Introduction to Creating Awesome Plots with ggplot2

The package “ggplot2” has become the go-to package for making publication-quality plots. It is part of the tidyverse It can be complicated to use. It derived from the “grammar of graphics” concept that aims to have a consistent set of options to build a diverse set of simple or complex plots from data.

Data and packages

We will load ggplot2, which will automatically load a useful package of color palette, ‘RColorBrewer’. The packages ‘dplyr’, ‘forcats’ and ‘data.table’ are loaded since we will need to use some of their functions to prepare the data for plots.

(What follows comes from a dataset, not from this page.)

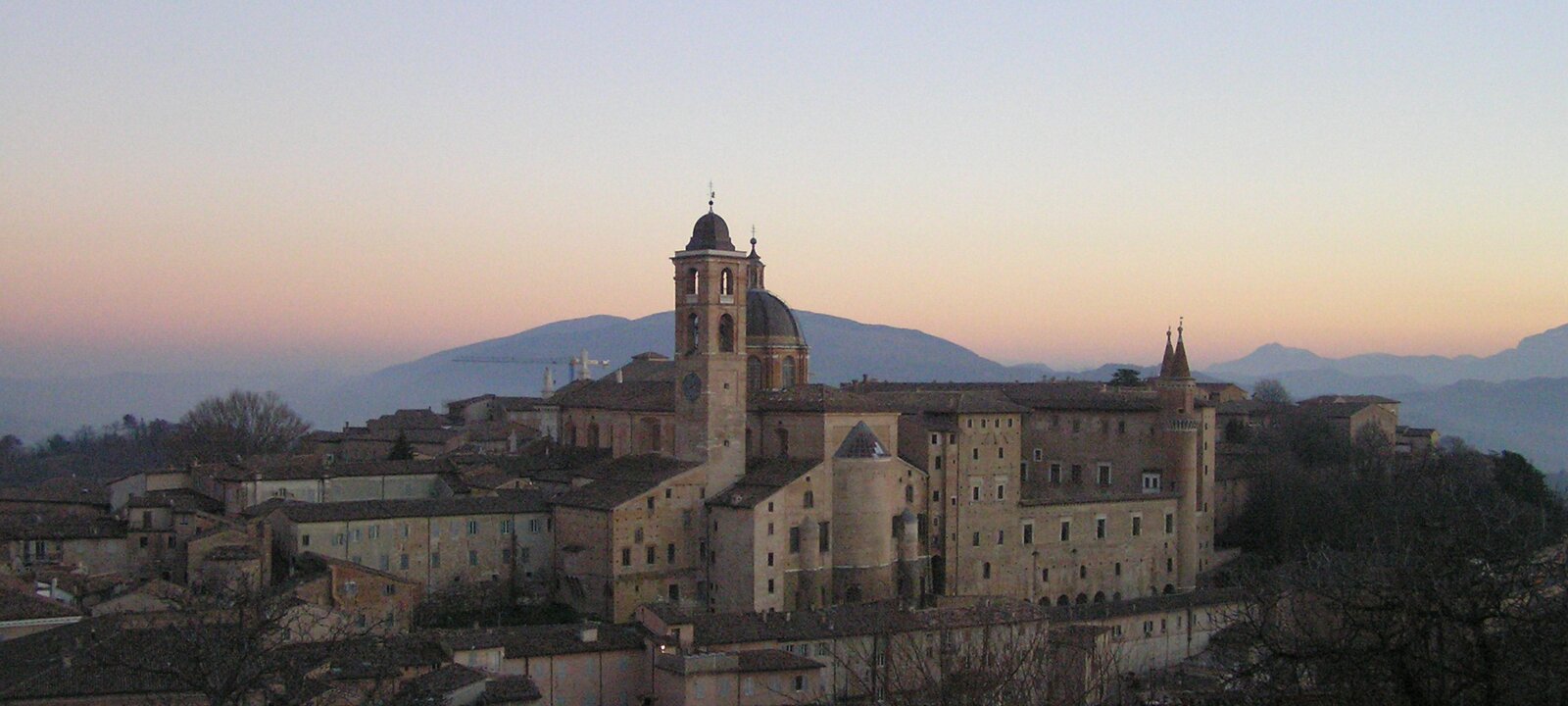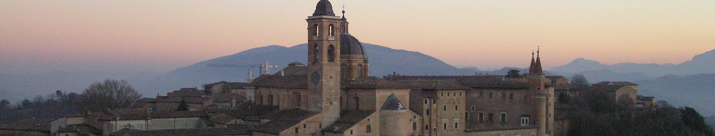 Urbino retains a 16th century appearance, largely frozen in time by a later economic downturn. The ducal palace (Palazzo ducale), 2nd half of the 16th century. Fortress Albornoz, 14th century. Cathedral, rebuilt in 1801. Left: palazzo ducale, right: cathedral TurinVenice Labels

The data set, “nass.hay” is from the ‘agridat’ package. It is historic data on hay production across U.S. states from 1909 to 2012 gathered by the National Agricultural Statistics Service. This script also creates a data object only containing data from Idaho, and a data object with hay production stats from 2012.

library(agridat) # loaded so we can access the following date set:
data("nass.hay")
str(nass.hay)
## 'data.frame':    5044 obs. of  4 variables:
##  $ year : int  1909 1909 1909 1909 1909 1909 1909 1909 1909 1909 ...
##  $ state: Factor w/ 49 levels "Alabama","Alaska",..: 1 3 4 5 6 7 8 9 10 11 ...
##  $ acres: num  275000 98000 409000 2503000 1180000 ...
##  $ yield: num  0.96 2.42 1.05 1.61 1.73 1.15 1.22 0.69 0.86 2.16 ...
head(nass.hay)
##   year       state   acres yield
## 1 1909     Alabama  275000  0.96
## 2 1909     Arizona   98000  2.42
## 3 1909    Arkansas  409000  1.05
## 4 1909  California 2503000  1.61
## 5 1909    Colorado 1180000  1.73
## 6 1909 Connecticut  387000  1.15

hay_idaho <- filter(nass.hay, state == "Idaho") 
hay2012 <- filter(nass.hay, year == 2012)
hay_pnw <- filter(nass.hay, state %in% c("Oregon", "Washington", "Montana","Idaho")) %>% 
  mutate(state = fct_drop(state)) 
# fct_drop() command run so extra factor levels in "state" that are not longer represented in "hay_pnw" are dropped 

Basics of ggplot

A ggplot needs 3 parts:

1. data
2. aesthetics which connect or map the data to the geom
3. a type of plot, or geom, to implement

Note:

• ggplot2 uses the + notation in their plots (see below). I think there is some regret over this style decision, but it is now an accepted convention!
• ggplot2 also uses non-standard evaluation, so, often column names do not need to be quoted
• common mapping aesthetics:
  • x (the x variable)
  • y (the y variable)
  • col (color for lines, points, outlines)
  • fill (color when something has a fill color such as a boxplot)
  • group (when a plotted option should be grouped, then plotted)

build a simple plot

Let’s plot Yield over time for Idaho hay production

Step 1: Add the data

ggplot(hay_idaho)

(not much to see here - we have not specified the aesthetics or the geom)

Step 2: Add aesthetics

ggplot(hay_idaho, mapping = aes(x = year, y = yield))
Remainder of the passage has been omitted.